The third quarter has done a pretty good job so far of debunking the old Wall Street advice to “sell in May and walk away,” as anyone doing so would have locked in some big losses and missed out on a very healthy start to current quarter. While most of the year was dominated by energy names, there is a new boss on the block, and by block I mean blockchain.
Of the top 25 non-leveraged exchange-traded funds so far this quarter, all but five are crypto- or blockchain-focused. Returns range from the top dog, the ProShares Bitcoin Strategy ETF (BITO), which is up 25.2% for the quarter so far, First Trust Skybridge Crypto Industry & Digital Economy ETF (CRPT) and its 51.12% gain.
But funds that sound like they provide the same or similar exposures will often provide different results for investors, and this is a good example. So I pulled four funds from this list and ran some attribution so we can get a better understanding of what drove returns for each product.
The other top winning funds are Bitwise Crypto Industry Innovators ETF (BITQ) (with 46.13% gain), the Global X Blockchain ETF (BKCH) (43.76%), and Grayscale Future of Finance ETF (GFOF) (30.91%).
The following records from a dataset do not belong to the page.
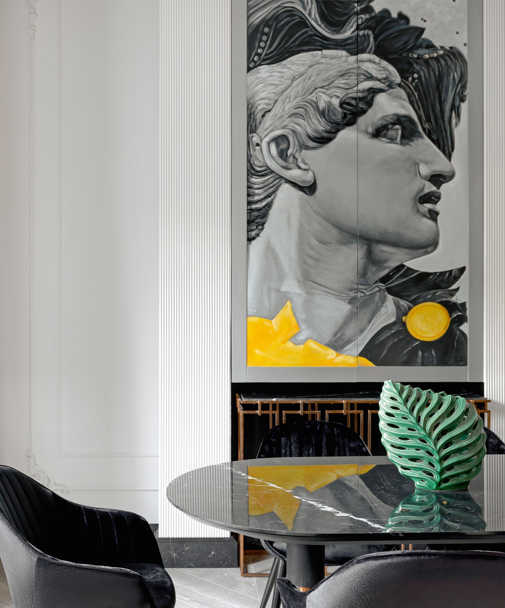 Работа над проектом началась с исправления ошибок, допущенных предшественниками Натальи Баркаловой. Самым серьёзным недостатком была неправильная, несуразная эргономика пространства. Дизайнер предложила заказчику своё видение, и начался новый этап преображения квартиры. Основное внимание сосредоточили на планировке. Дизайнер организовала пространство, исходя из того, что тут живёт один человек, и удобно должно быть в первую очередь ему. Помимо просторной гардеробной комнаты запроектировала большое количество скрытых систем хранения, а также выстроила логистику, отталкиваясь от привычного образа жизни заказчика. «Спортсмены очень много времени проводят в отелях, и за основу пространственного решения я взяла отельную историю, — рассказывает Наталья. — Но не эстетическую составляющую, а то, что отель, в моём понимании, это прежде всего уют, комфорт и эргономика. Даже в небольших номерах пространство выстроено очень логично, всё организовано предельно функционально. И в этой квартире я сделала так, чтобы человеку было максимально удобно в его повседневной жизни. Куда он идёт, после того как вошёл в дом, что он обычно делает после этого — логистика учитывает все передвижения хозяина, как ему привычно — всё подстроено под него». Заказчик — молодой человек, профессиональный футболист, и большую часть времени он проводит вне дома. Поэтому квартира выполняет в основном представительские функции. Сюда приятно вернуться после сборов, отдохнуть, провести время с друзьями. Поэтому в оформлении дизайнер сделала акцент на эффектные решения. «Я всегда исхожу из предпочтений конкретного человека, — улыбается Наталья. —Заказчику нравятся классические элементы, и, конечно же, я использовала их в качестве декоративных акцентов». Гипсовая лепнина, панно с головой Давида, светильники в стиле ар–деко задают классическое настроение, но ненавязчиво,
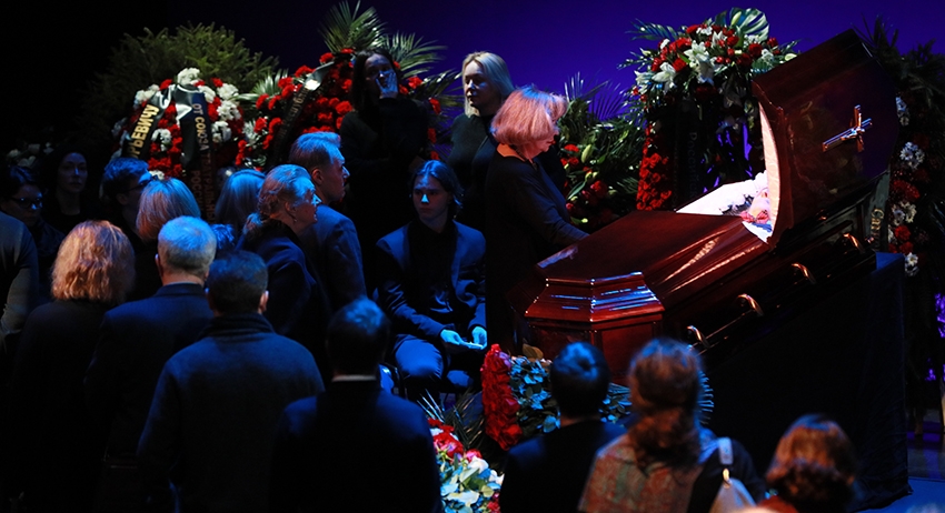 Гроб с телом было решено поставить на сцене. Рядом с ним находятся члены семьи и близкие. Возле лежат многочисленные венки, люди несут живые цветы, среди которых много роз.
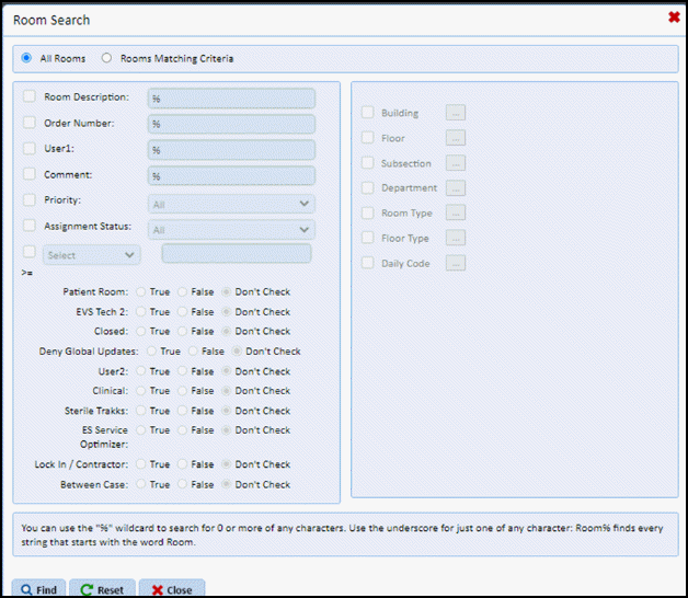 cleared using the “Clear Room(s)”

CRPT is the only actively managed portfolio of the bunch. Index methodology for the other funds can be found via these links: BITQ (Bitwise Crypto Innovators 30 Index), BKCH (Solactive Blockchain Index), and GFOF (Bloomberg Grayscale Future of Finance Index). From what I can tell, the ETF issuers developed the intellectual property behind the indices and have contracts with various index providers for calculation services, as opposed to the index providers creating these indices and pitching them to the issuers to launch products.
However, the Bitwise index is the only one that has selection criteria that I can stand behind, meaning that the index has set a 75% “Tier 1” threshold for income exposure to crypto-related services or net asset exposure directly to cryptocurrencies. “Tier 2” names can be lower, but only 20% of the index can be weighted in Tier 2 names. The Solactive index tracked by BKCH has a similar “Pure Play” and “Diversified” approach, but the threshold there is set at only 50%. The Bloomberg the index tracked by GFOF has a multi-factor qualification process, but the income factor also classifies exposures above 50% as “High”. Although there is no index methodology for CRPT prospectus outlines that income exposure of over 50% in a current activity is enough to pass.
Before I get into what drove the quarterly returns for these funds, I want to mention overlap between them, which is what percentage of holdings are held in common across all the funds. Looking at CRPT and its 31 holdings, it has 39% overlap with BKCH and GFOF, and 58% overlap with BITQ, meaning if you own CRPT it’s like having a 58% exposure to BITQ.
One thing that struck me was that in all four funds, the bottom 10 contributors to performance over the period were net additive to returns, and in fact, apart from BKCH, each fund had only one name that lost ground over the period, including BITQ: CME Group (CME) (-3.51%), First Trust SkyBridge Crypto Ind and Digi Econ (CRPT): Meta Platforms (META) (-0.66%); and, GFOF: BC Technology Group (BTCCF) (-23.71%). Downers in BKCH include Bigg Digital Assets (BBKCF) (-7.64%), Greenbox (GBOX) (-25.54%) and SOS Ltd. (SOS) (-37.74%).
In the 40 potential slots that make up the top 10 contributors to returns for these funds, there are only 17 unique tickers, and some funds that own both US and Canadian-listed stocks drop to 14. Of those 14, the five. names that had the biggest positive impact on average across all four funds are Marathon Digital Holdings (MARA), Riot Blockchain (RIOT), Coinbase (COIN), Silvergate Capital (SI), and Galaxy Digital Holdings (GLXY). All five names are held in all funds and across the board are among the top five or six contributors to return.
These results are all impressive. I like how all of these funds seem to draw within the lines of crypto and the crypto industry, although I’m not crazy about names like Interactive Brokers ( IBRK ), Alphabet ( GOOGL ) ( GOOG ), and Meta popping up on CRPT. Much like another gold rush from 1849, selling picks and shovels appears to be a better long-term approach than gaining exposure to the actual commodity, as evidenced by BITO’s quarter-to-date returns compared to these funds. If I had to pick a fund out of these for crypto and crypto industry exposure, I’d have to go with the Bitwise Crypto Industry Innovators ETF, if only for the focus on income exposure. If you think this trend is likely to continue in the near to medium term, BITQ might be worth a closer look.